Лета 7071
Шрифт:
— И бесславно гибли! — перебил его Морозов, принимаясь за похлебку. — Во имя пустой спеси! А могли бы погибнуть за отечество, оставив по себе добрую память… и образ, как жить иным в нашей непроглядной и забуреломленной, как темный бор, жизни.
— Верно… — склонив голову, согласился Оболенский. — Бесславно гибли.
В шатер неожиданно вошел тысяцкий Хлызнёв-Колычёв, приводивший свою конную тысячу в стан для передыху и кормления. Вслед за ним вбежал вестовой казак и доложил Морозову:
— Глядачи с вышки доносят, что у третьей воротной башни литвины копятся! Конные!
— То нам не в страх, — сказал со смехом Морозов. — Пущай зады поморозят! Вот как бы они и впрямь не вылезли… Из третьей вылезут — в спину пищальникам ударят. Самому мне надобно поглядеть — что они там затевают? Влезу-ка я на вышку да погляжу. А вы дожидайтесь меня тут, — сказал он Оболенскому и Хлызнёву. — Погляжу — решу, что делать!
Морозов вышел из шатра вместе с казаком. Хлызнёв подошел к створу шатра, выглянул на улицу, после чего тихо сказал Оболенскому:
— Слышал я ваш разговор… У створа стоял… Не по любопытству! Не хотел перебивать… А стоял сторожил, чтоб никто уха не подставил.
Оболенский вскинул на него испытывающий взгляд, но не сказал ни слова, только еще сильней нахмурился. Хлызнёв ободряюще глянул на него, совсем притишив голос, твердо сказал:
— Бежать надобно!
Оболенский отстранился от Хлызнёва, резко бросил:
— Се не по мне, Колычёв! Оболенские редко гибли за отечество, но никогда не изменяли ему!
— Не доверяешь мне, князь?!
— То, что я сказал, я сказал не в защиту живота своего, боясь твоего доноса, Колычёв, а в защиту своей чести.
Оболенский решительно вышел из шатра. Чуть помедля, вышел и Хлызнёв. Воевода Морозов спускался с дозорной вышки, матерился, кроя и литвинов, которым вдруг взбрело в голову затевать вылазку, и глядачей, которые не могут точно сосчитать, сколько конницы скопили литовцы за воротной башней.
— Перед воротами сотни три-четыре, — сообщил он Оболенскому и Хлызнёву. — А по затинам 89, может, еще тыща ухована.
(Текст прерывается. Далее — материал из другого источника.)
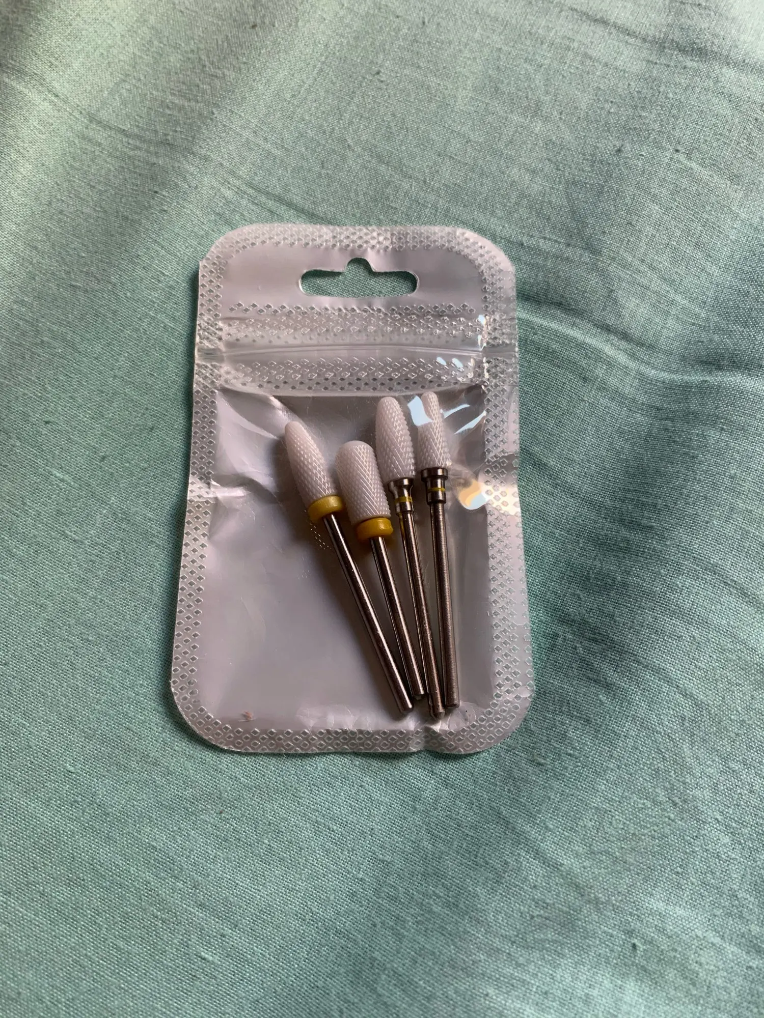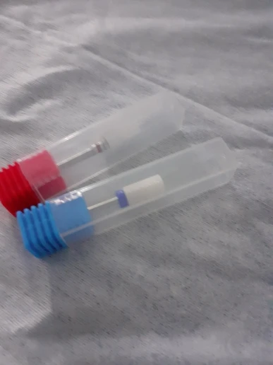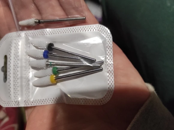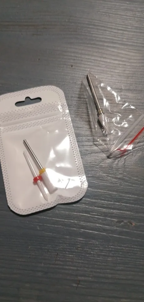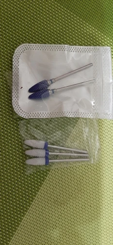 Фрезы пришли очень быстро. Синяя фреза отлично справляется со своей задачей, фреза с жёлтой насечкой снимает даже гель, розовая с красной насечкой расстроила, оставляет борозды, а тонкая фреза пришла с браком, дырочка прям возле кончика. В целом продавца рекомендую.

— В таких воротах и три сотни подавятся, — сказал спокойно Оболенский, всматриваясь в башню, из которой литвины собирались сделать вылазку.
— Подавятся, коль их шугнуть, — озабоченно проговорил Морозов, — а не шугнем — так им воля. Давай-ка, тысяцкий, — сказал он Хлызнёву, — выходи со своими конниками ко рву. Да гляди в оба, не то литвины высунутся из ворот, подманят вас под башню да и выпалят дробом. Порысачьте поблизу, а как казака пришлю, пущай другая тыща идет кормиться.
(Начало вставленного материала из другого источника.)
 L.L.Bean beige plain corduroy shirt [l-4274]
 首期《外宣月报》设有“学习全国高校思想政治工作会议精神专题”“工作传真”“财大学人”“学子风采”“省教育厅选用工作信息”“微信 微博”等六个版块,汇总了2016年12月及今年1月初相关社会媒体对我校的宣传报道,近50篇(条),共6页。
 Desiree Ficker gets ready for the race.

Хлызнёв молча впрыгнул в седло. Морозов долгим взглядом проводил его, со вздохом сказал Оболенскому:
— Також, как ты, мается душой! Ладно, ладно, молчу, — заметив недовольство Оболенского, успокоил его Морозов. — Я ж не поучал тебя, княжич, не намерял ни на что — я поведал тебе, как разумею жизнь. Ты разумеешь ее иначе — в том твоя воля, и дай тебе бог донести ее неизменной до гроба. А отступишься — раз!.. — он посмотрел на Оболенского — Оболенский сжал губы, лицо его стало сурово. — И в могиле метаться будешь!
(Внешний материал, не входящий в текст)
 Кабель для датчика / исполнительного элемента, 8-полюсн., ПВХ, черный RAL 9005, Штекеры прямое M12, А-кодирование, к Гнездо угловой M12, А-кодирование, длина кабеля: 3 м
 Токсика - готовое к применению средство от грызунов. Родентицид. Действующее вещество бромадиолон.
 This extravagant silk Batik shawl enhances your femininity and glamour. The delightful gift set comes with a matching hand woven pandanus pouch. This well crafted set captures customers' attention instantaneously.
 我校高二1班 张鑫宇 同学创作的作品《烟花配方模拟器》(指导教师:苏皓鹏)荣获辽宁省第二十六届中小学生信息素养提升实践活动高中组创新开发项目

В Полоцке, на Софии, ударили колокола.
— К
обедне, — сказал Морозов и перекрестился. — А нам нынече не до молитв.До позднего вечера палил воевода Морозов по посаду. Восемь возов ядер раскидал… Литовцы после обеденного звона вовсе перестали отвечать на пальбу. На вылазку тоже не решились… Затаились за стенами и не вызырали даже. Это и радовало Морозова, и настораживало. Настораживало — слишком уж опрометчивое спокойствие литовцев. Не то вправду Довойна уверился, что русские пришли на малую досаду — пограбить да пленных набрать — и к ночи уберутся, не то послал за подмогой и теперь, затаившись, поджидал ее подхода, чтобы ударить сразу с двух сторон.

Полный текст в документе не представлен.